Teaching

Ahmed Abdullah on Teaching Music

Teaching music is a vocation that I’ve come to treasure as much as performing music. I’ve been doing this work now in tandem with other performing projects since the early 1980s. It matters not whether the work is teaching recorder to elementary school children, or doing lecture demonstrations on specific artists such as Duke Ellington for high school students or developing performing ensembles to play Sun Ra’s music on the college level or giving trumpet instruction.

Recorder Lessons

My recorder lessons are designed; to give young people a hands-on-activity with a musical instrument; to learn the basic elements of music, including music notation; to give students an opportunity to make music in an ensemble. Recorder lessons are designed for small groups (10 or less) or large groups (30 or less) and for students from ages 9-12.

Lecture Demonstrations Workshops

Can be arranged to suit. Existing lecture demonstration includes a 45 minute session on Duke Ellington or Sun Ra or an overall history of Jazz from the Middle Passage to the 1970s, complete with dancers.

Trumpet Instruction

My approach to teaching the trumpet comes from experiences I’ve had in the music which I think have uniquely shaped my style of trumpet playing. I think of myself as teaching life lessons and trumpet lessons and therefore I take students at any level and at any age.

Sun Ra’s Beingness; His Music, Lyrics, and Philosophy

Since the death of Sun Ra, there has been, on the one hand, a greater worldwide interest in his music, and, on the other, no educational forum through which to explore the elements that comprised the Sun Ra phenomenon. His approach to blending the disciplines of music, dance, poetry, costume making, philosophy, history and the audio-visual arts as separate and integral elements of one whole presentation is now fully explored in a classroom setting and understood as endemic to African American culture in general and to Sun Ra’s sense of genius in particular. Having spent a span of twenty two years (1975-97) with his ensembles and several decades leading my own groups and fours years writing about my relationship with him, I approach Sun Ra’s music with first hand experience in a number of different areas.

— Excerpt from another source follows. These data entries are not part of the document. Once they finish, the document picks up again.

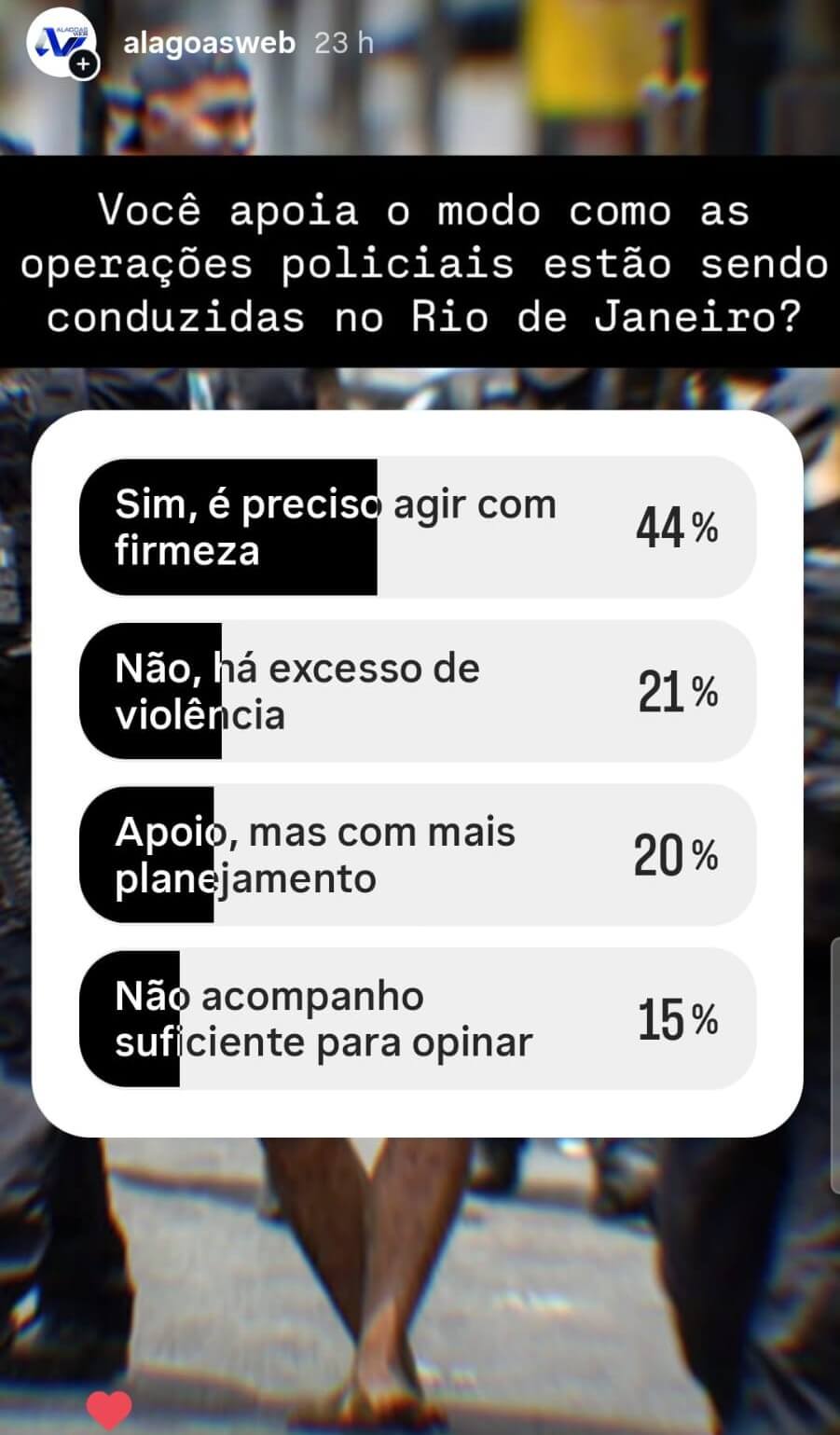 O AlagoasWeb promoveu uma enquete no Instagram perguntando: “Você apoia o modo como as operações policiais estão sendo conduzidas no Rio de Janeiro?” — a reação do público mostrou apoio majoritário à atuação enérgica das forças de segurança, mas também uma fatia relevante de preocupação com excessos e necessidade de planejamento.
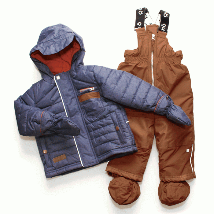 Термокомбинезон для мальчика в очень актуальной цветовой гамме. В последние годы в мужской моде все более и более попялярно сочетание темно-синего и коричневого разных оттенков. В этом комплекте однотонная стеганная куртка стального синего цвета и полукомбинезон ярко-коричневого цвета корицы смотрятся очень стильно. Термокомбинезон прекрасно дополнит шапка, разработанная канадскими дизайнерами именно под эту модель.
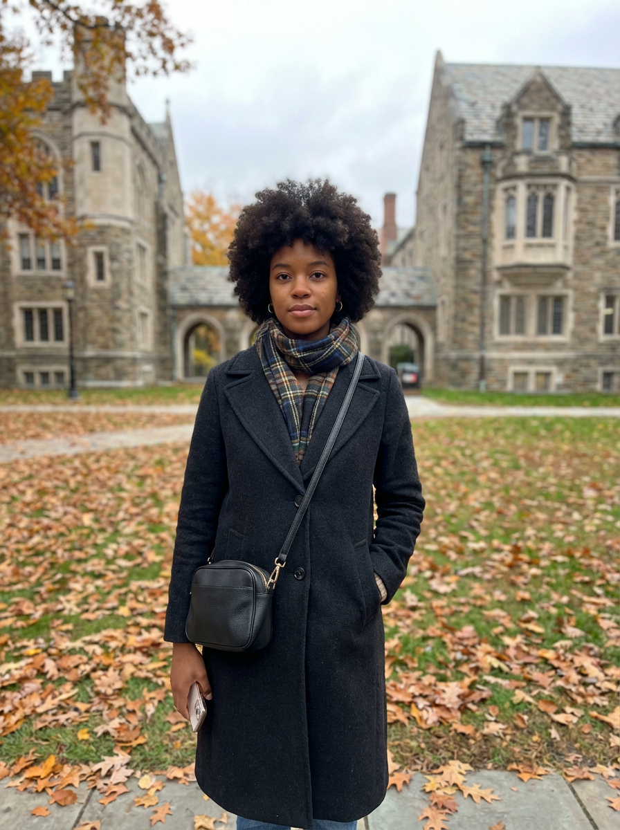 model at gothic university, dark academia fashion, wool coat, scarf, autumn leaves, old stone buildings
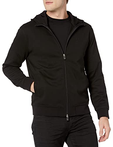 Armani Exchange with Embroidered AX Front Logo. Double Slider Zip Fastening Hooded Sweatshirt, Black, XXL
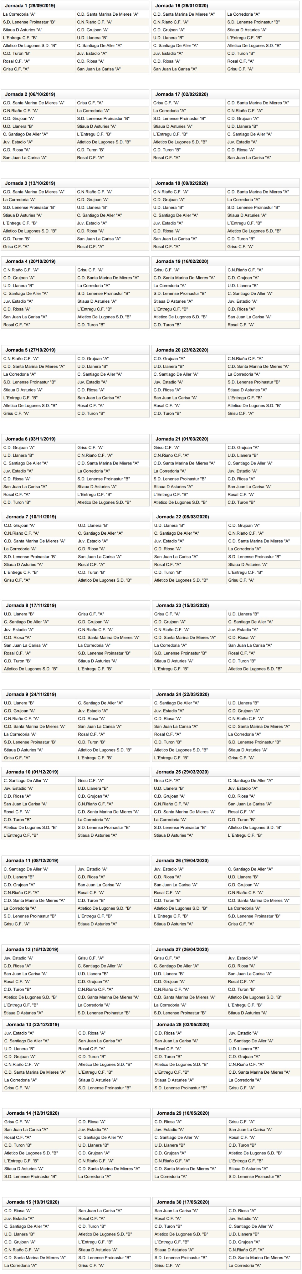 Calendario de Segunda Regional - Grupo 2º - 2019-20

Teaching the Duke/ Ahmed Abdullah

Published in JazzTimes 3/99

One of the recent treasured moments I’ve experienced was spent in a classroom with high school students who I had the pleasure of informing about a great African American composer. The students were virgins to the Maestro. Their teacher, who invited me through the Carnegie Hall Education Division, from which I teach, gave me unrestricted freedom to conduct the class as I pleased. I chose the lecture/demonstration format. Since I play trumpet I naturally wanted the students to be aware of some the great trumpeters Mr. Ellington employed, especially those who played and made their instruments talk. So I talked about Bubber Miley and played the Black and Tan Fantasy for them. The spirits of Freddie Jenkins entered as did Rex Stewart, Cootie Williams, Clark Terry and Ray Nance. From the section in Mr. Hesse’s biography, Beyond All Category, I dramatized the story of Billy Strayhorn’s arrival into Duke’s inner circle. Wide-eyed with interest now, they were told of the creation of the song which was written on the way to Harlem, disappearing and resurfacing, to become the melody most associated with Ellingtonia, yet, written by a Strayhorn. I had them totally enraptured, as I talked about Ellington’s Carnegie Hall extended works period and the hundreds of recordings he had made by that time.
The story of his comeback with Dimuendo and Crescendo in Blue at Newport,’56 is one that every student delighted in. They liked the idea of having folks believe they were finished only to re-emerge triumphant and victorious. My favorite story, that also pleased them, was the one about the Queen’s Suite. The tale of how Queen Elizabeth and Duke Ellington were so taken with each other’s royalty that he wrote a piece of music for her and went into his own pocket to record it. Who but a genuine Duke named Ellington would think of writing a song for a Queen and making just one copy, for her ears alone. The letter I received from their teacher weeks afterwards convinced me that my subject had struck a responsive chord in the hearts of some from a generation that had never seen or heard of Mr. Ellington.